┏━━

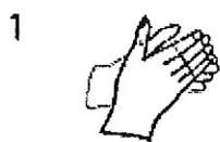
1 w czasie 5 sekund 5 ruchów

8. Nie zapominaj o częstym myciu rąk oraz dezynfekcji
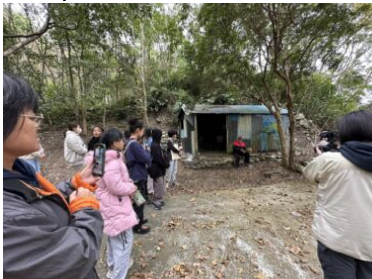
113學年tukusiya舊部落踏查與紀錄
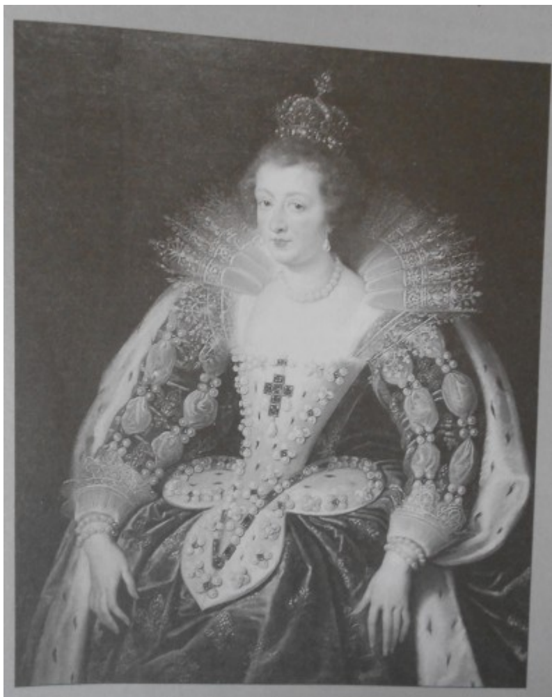
Kovařík, J., Ludvík XIV. : Život, doba a války krále Slunce , s. 33.

┗━━

→ Problem details: None of the pictures should appear; copy the rest of the material above exactly.

→ Output of the exercise:
1 w czasie 5 sekund 5 ruchów

8. Nie zapominaj o częstym myciu rąk oraz dezynfekcji
113學年tukusiya舊部落踏查與紀錄
Kovařík, J., Ludvík XIV. : Život, doba a války krále Slunce , s. 33.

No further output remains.